Twenty-four percent reported that they had to teach their medical providers about transgender care in order to receive the care they needed and 23 percent avoided medical care they needed because they were worried they would be mistreated due to their gender.

That's why Stroumsa developed and produced training modules (hosted on the Michigan Ob/Gyn website) to prepare Ob-Gyns and other providers to better care for transgender and gender diverse people. The modules were developed in collaboration with physicians and transgender health activists across the country, and the Council on Resident Education in Obstetrics and Gynecology.

Meanwhile, another series of videos created by U-M's Halley Crissman, M.D., M.P.H., intend to help train frontline staff on the same topic.

Many providers - especially those traditionally considered "women's health" professionals - likely need to be better prepared to care for transgender patients, Stroumsa notes. People who identify as transgender and non-binary may require many of the services provided by Ob/Gyns and other "women's healthcare" providers, including prenatal and fertility care, cervical cancer screening, menstrual cycle management, as well as gender transition-related care (i.e. hormone therapy), and other routine Ob-Gyn care.

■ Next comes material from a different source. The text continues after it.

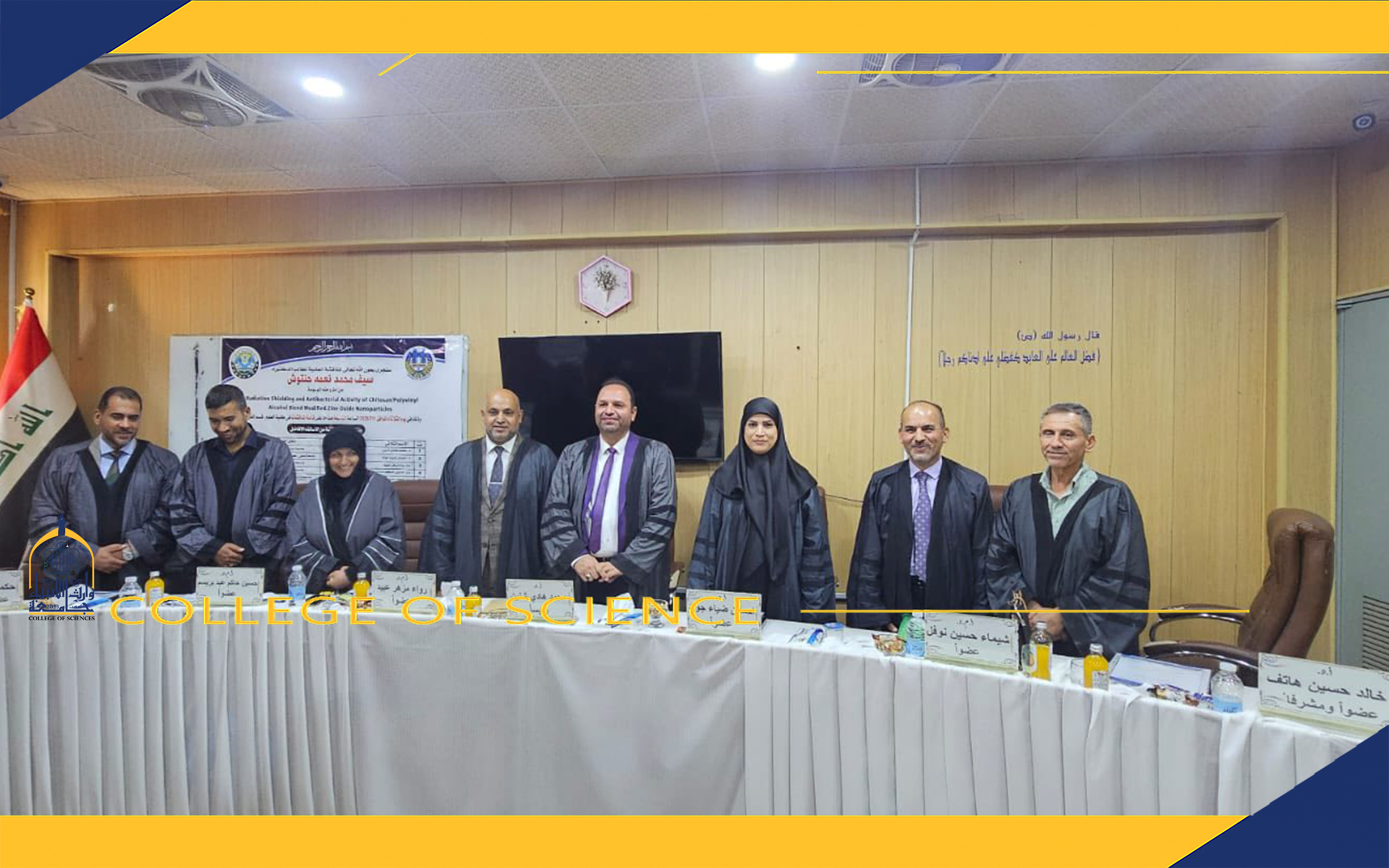 شارك أ.م.د صالح مجيد الخزرجي احد تدريسيي كلية الاعلام في مناقشة رسالة ماجستير في كلية التربية بجامعة القادسة للطالبة هديل حليم سعيدان الموسومة بـ" بناء القصيدة عند محمد إبراهيم يعقوب"

In a separate publication in the American Journal of Obstetrics and Gynecology, Stroumsa and Michigan Medicine family physician Justine Wu, M.D. M.P.H., urge expanded language around "women's health" to be more inclusive. This may include everything from using gender neutral terminology on intake forms to subtle differences in labels, such referring to "well-person" care instead of "well-woman visit."

Many services are "less specialized that we may think," the authors write.

"The Ob-Gyn field has traditionally centered on serving the health and needs of women. But our approach and language may unwittingly alienate a vulnerable population in need of our services," Stroumsa says.

"We obviously have a lot of work to do in improving health outcomes for gender diverse people," Stroumsa adds. "We need to take a close look at our healthcare environments, practices and approaches to medical education. These are just beginning steps in reducing wide health disparities.

"Creating a safe, knowledgeable, trustworthy care environment will help us expand the care we provide to a broader more diverse patient population."